● THE DATA:
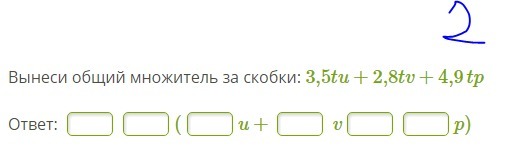2)Вынеси общий множитель за скобки: 3,5tu+2,8tv+4,9tp
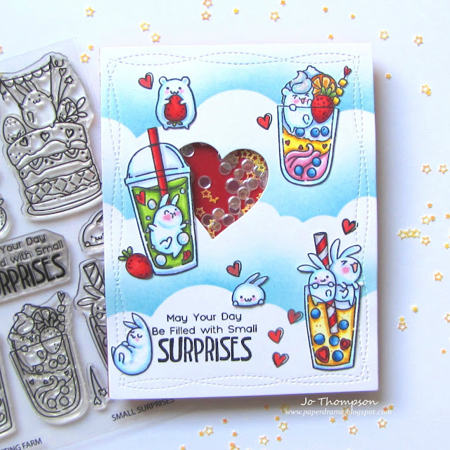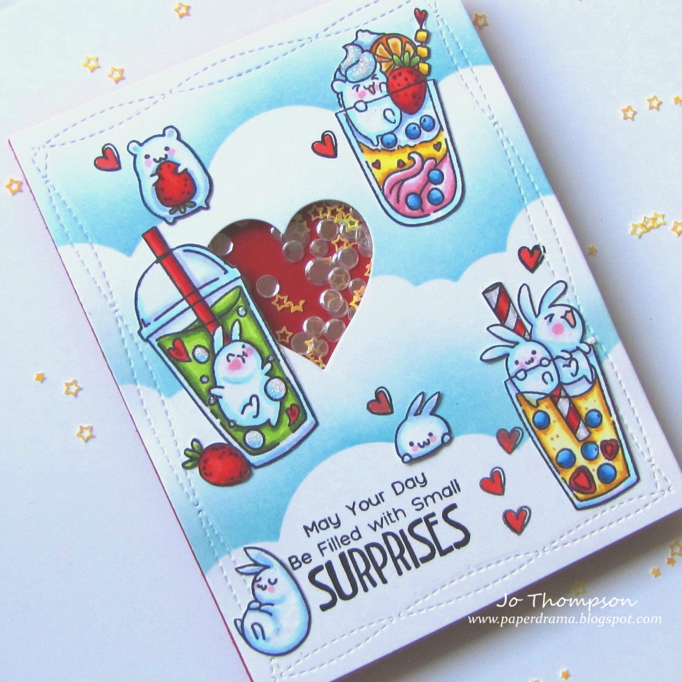 This stamp set is so adorable! I used most of the images included in the stamp set. All images are colored with Copic markers. I added some Star Dust Stickles on each of the cup images for a little sparkle. The cloud background was created with a makeshift cloud stencil using several cloud border dies. I used Distress Oxide Ink in Broken China. The little heart shaker portion of the card was cut out using a heart die that I had on hand.
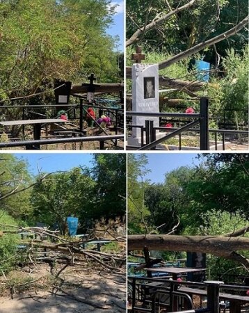 Сразу на несколько захоронений на кладбище в Красном Саду обрушилось сухое дерево.
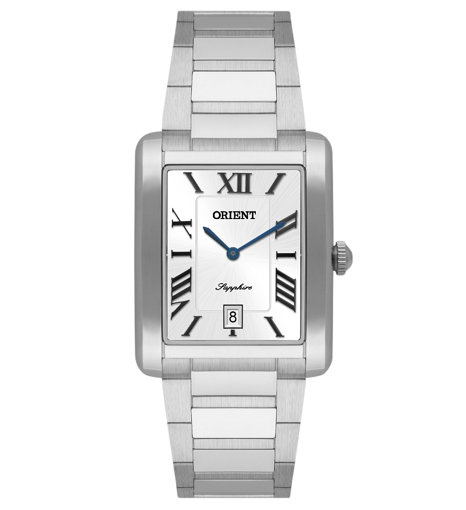 O Orient Tank Eternal GBSS1058 S3SX resgata o charme dos relógios retangulares clássicos com um toque contemporâneo. Seu mostrador branco com algarismos romanos e design minimalista expressam elegância e equilíbrio, tornando-o uma escolha refinada para quem valoriza o estilo atemporal.

● PROMPT:
Reproduce verbatim every line starting at the line that holds "This stamp set" and ending with the final line of the data; omit the pictures.

● WRITTEN SOLUTION:
 This stamp set is so adorable! I used most of the images included in the stamp set. All images are colored with Copic markers. I added some Star Dust Stickles on each of the cup images for a little sparkle. The cloud background was created with a makeshift cloud stencil using several cloud border dies. I used Distress Oxide Ink in Broken China. The little heart shaker portion of the card was cut out using a heart die that I had on hand.
 Сразу на несколько захоронений на кладбище в Красном Саду обрушилось сухое дерево.
 O Orient Tank Eternal GBSS1058 S3SX resgata o charme dos relógios retangulares clássicos com um toque contemporâneo. Seu mostrador branco com algarismos romanos e design minimalista expressam elegância e equilíbrio, tornando-o uma escolha refinada para quem valoriza o estilo atemporal.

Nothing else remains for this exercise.